Work task:
Copy the listing below exactly, but skip the pictures.

Supplied data:
____________________

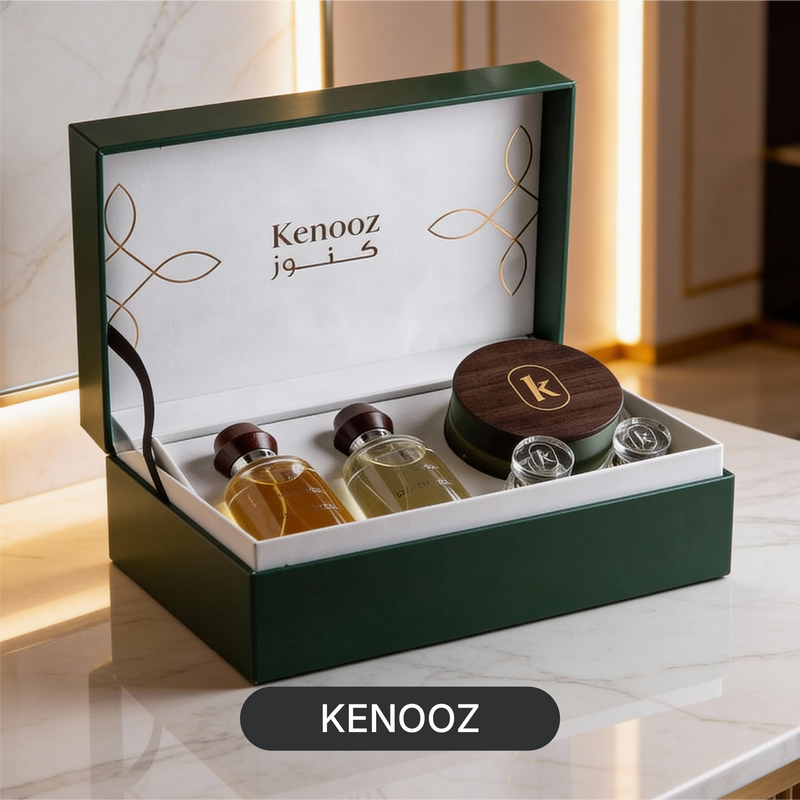 Kenooz Aroma Box | Luxurious Green Leather Perfume Set for Ramadan
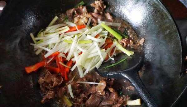 6.爆炒至七成熟後,加入紅辣椒和大蔥絲,翻炒均勻,即可出鍋。
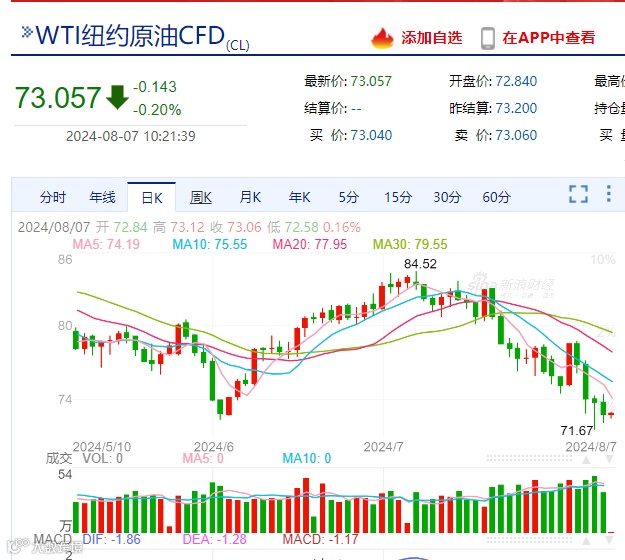 截止发稿,WTI原油报价73.057元/桶(-0.20%);布伦特原油,现报价76.77美元/桶。

____________________

Answer to this exercise:
 Kenooz Aroma Box | Luxurious Green Leather Perfume Set for Ramadan
 6.爆炒至七成熟後,加入紅辣椒和大蔥絲,翻炒均勻,即可出鍋。
 截止发稿,WTI原油报价73.057元/桶(-0.20%);布伦特原油,现报价76.77美元/桶。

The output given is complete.